We can check that our layers have indeed been added to the HDF5 file:

# Checking current layers in the h5
h5.layers
['airport_heliport_setbacks',
 'latitude',
 'longitude',
 'nexrad_green_los',
 'setbacks_pipeline_reference',
 'setbacks_structure_115hh_170rd',
 'setbacks_structure_reference']

We can also check that our description for airport_heliport_setbacks has been properly added:

with h5py.File(H5_PATH) as h5_fh:
    print(h5_fh["setbacks_pipeline_reference"].attrs["description"])
This dataset represents wind energy setback requirements from oil and gas pipelines. A setback requirement is a minimum distance from a pipeline that an energy project may be developed. As of April 2022, no ordinances were discovered for any counties. Such ordinances are likely to arise as regulations continue to expand. Therefore, this dataset applies a median setback equivalent to 1.1 times the turbine tip-height, sourced from trends in other infrastructure. The turbine parameters used were a hub-height of 115 meters and a rotor diameter of 170 meters, as obtained from the Annual Technology Baseline (ATB) 2022.

Extracting Layers from the HDF5 file#

Layers in the HDF5 file can also be extracted to GeoTIFFs. Simply call .layer_to_geotiff() to extract a single layer:

# Extracting a single layer
layer = "airport_heliport_setbacks"
out_filepath = "airport_heliport_setbacks_h5_extract.tif"
h5.layer_to_geotiff(layer=layer, geotiff=out_filepath)

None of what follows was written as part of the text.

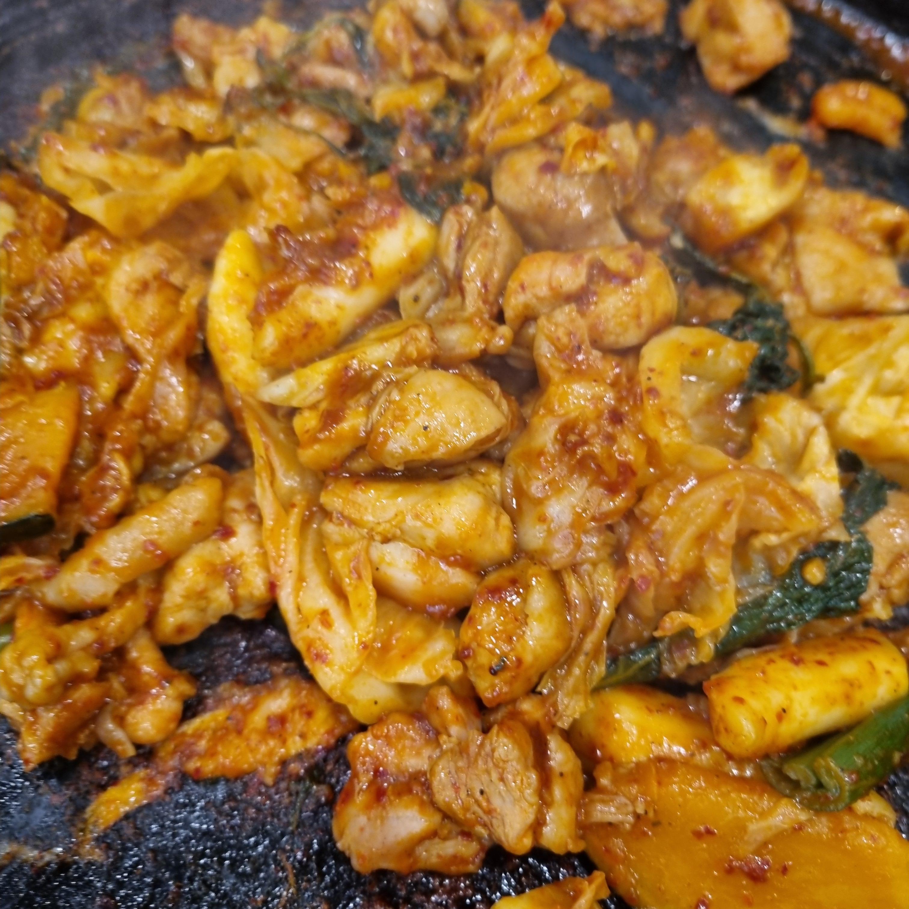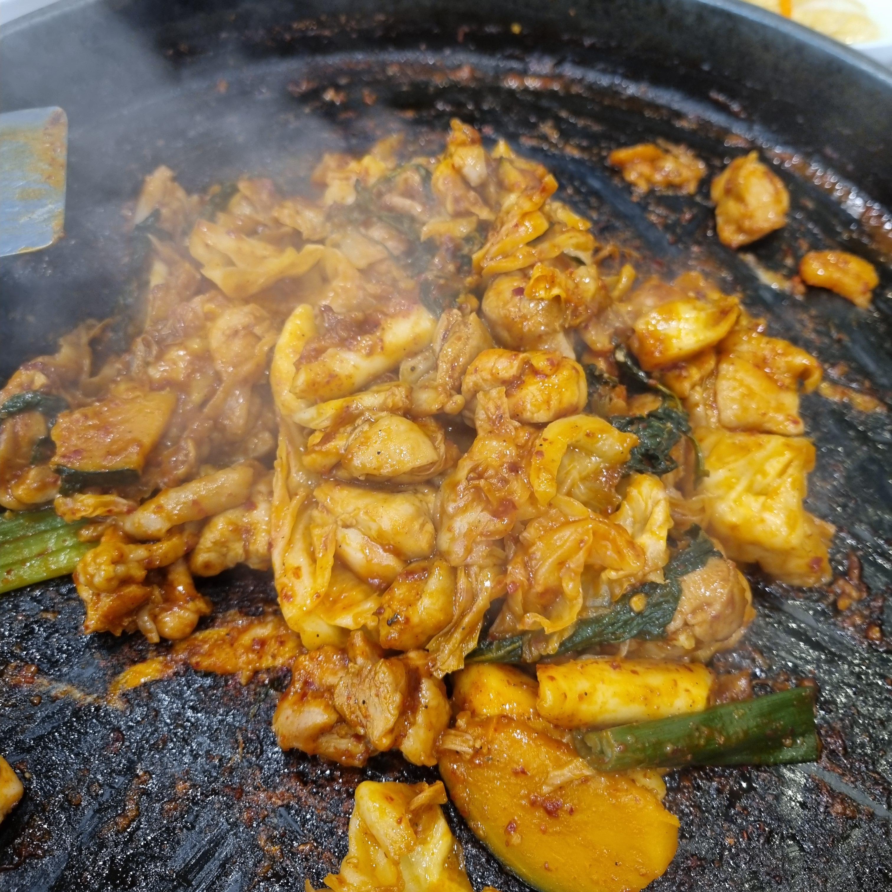 별미닭갈비 2인분입니다. 도착하니까 바로 먹어도 되는 상태입니다. 맛있겠죠? 양배추, 닭이 주재료, 단호박도 간혹 씹혔는데 달달하고 맛있었어요. 떡도 있었던 것 같습니다.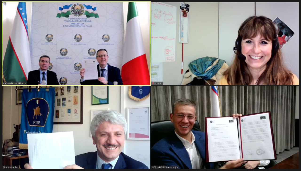 Ўзбекистон йилқичилик ва от спорт федерацияси раиси Баҳромжон Газиев ҳамда Италия от спорти федерацияси раҳбари Марко ди Паоло ўзаро ҳамкорлик меморандумини имзоладилар. Ушбу келишувда ҳамкорлик халқаро даражада олиб борилиши кўрсатилган. Онлайн ўтган мазкур тадбирда Ўзбекистоннинг Италиядаги Фавқулодда ва Мухтор Элчиси Отабек Акбаров ҳам қатнашди.

Alternatively, you can call .extract_layers() to extract multiple layers. This method requires you to pass a dictionary mapping layer names to output filepaths:

# Extracting multiple layers
layers = {
    "nexrad_green_los": "nexrad_green_los_h5_extract.tif",
    "setbacks_pipeline_reference": "setbacks_pipeline_reference_h5_extract.tif"
}
h5.extract_layers(layers)

All the layers in the HDF5 can be extracted using the .extract_all_layers() method. To use it, simply pass an output directory where the extracted files should be written:

h5.extract_all_layers(out_dir=".")

Layered HDF5 file via CLI#

Alternatively, the command line can be used to create, add to, and extract layers from the layered HDF5 file.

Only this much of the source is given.